Selection of attributes for genotype-specific Chagas-Flow ATE-IgG2a at late stage of single and dual T. cruzi infections.
(A) Comparative analysis of IgG2a reactivity at late stage of single infection with distinct T. cruzi genotypes (TcI/COL, n = 29; TcVI/CL, n = 29 and TcII/Y, n = 35) using pre-selected pairs of attributes, including: AI 2,000; AVI 1,000; AII 1,000; TI 4,000; TVI 1,000; TII 16,000; EI 2,000; EVI 1,000 and EII 4,000. (B) Comparative analysis of IgG2a reactivity at late stage of dual infection with distinct T. cruzi genotypes (TcI/COL+TcVI/CL, n = 28; TcVI/CL+TcII/Y, n = 43 and TcI/COL+TcII/Y, n = 36) using pre-selected pairs of attributes, including: AI 2,000; AVI 500; AII 1,000; TI 64,000; TVI 16,000; TII 64,000; EI 4,000; EVI 16,000 and EII 4,000. The results are expressed as median PPFP values in box plot format with the outliers showed by shaded dots. Comparative analyses were performed by the Kruskal-Wallis/Dunn’s post test. Significant differences were considered at p<0.05 and highlighted by connecting lines. The light gray background highlights the pairs of attributes (“target antigen and serum dilution”) with the higher performance for the genotype-specific diagnosis at late stage of single and dual T. cruzi infections. Decision trees were constructed using the sets of attributes (“target-antigen and serum dilution/cut-off”) to create algorithms (root and branches) to classify at late stage, individual samples from (C) single and (D) dual T. cruzi infections. Global accuracy and leave-one-out-cross-validation-LOOCV are provided in the Figure.
Fig 8.
Overall performance of Chagas-Flow ATE-IgG2a for differential diagnosis of experimental T. cruzi infection.
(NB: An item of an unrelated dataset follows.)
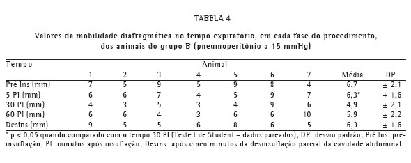 O mesmo é observado nas Tabelas 3 e 4, as quais representam o gradiente da mobilidade diafragmática no tempo expiratório em relação ao tempo operatório (média ± desvio padrão) dos grupos A e B.

(A) Reactivity boards were employed to display the overall profile of Chagas-Flow ATE-IgG2a applied to the differential diagnosis of T. cruzi infection at early (left diagram) and late (right diagram), using the selected sets of attributes (“target-antigen and serum dilution/cut-off”) determined by the decision trees. (B) Sequential algorithms were applied to yield the “classified infection” status to each individual sample, referred as: “a” for early vs late; “b” for single vs dual infections at early stage; “c” for single vs dual infections at late stage; “d” for genotype-specific diagnosis at early stage of single infection; “e” for genotype-specific diagnosis at early stage of dual infection; “f” for genotype-specific diagnosis at late stage of single infection and “g” for genotype-specific diagnosis at late stage of dual infection. A color key was provided to identify early (yellow), late (brown), single (light gray), dual (dark gray), TcI/COL (red), TcVI/CL (green), TcII/Y (dark blue), TcI/COL+TcVI/CL (orange), TcVI/CL+TcII/Y (light blue) and TcI/COL+TcII/Y (pink). (C) Scatter graphs showed correspondence between each pair of “true” vs “classified” infection indicated by connecting lines and the percentage of agreement for “Stage & Type & Genotype”; “Type & Genotype” and “Type” of infection. (D) Discriminant analyses of combined Chagas-Flow ATE-IgG2a for genotype-specific diagnosis including T. cruzi single infection (COL, CL and Y) and dual infection (COL+CL, CL+Y and COL+Y). The global accuracy is provided in the Figure.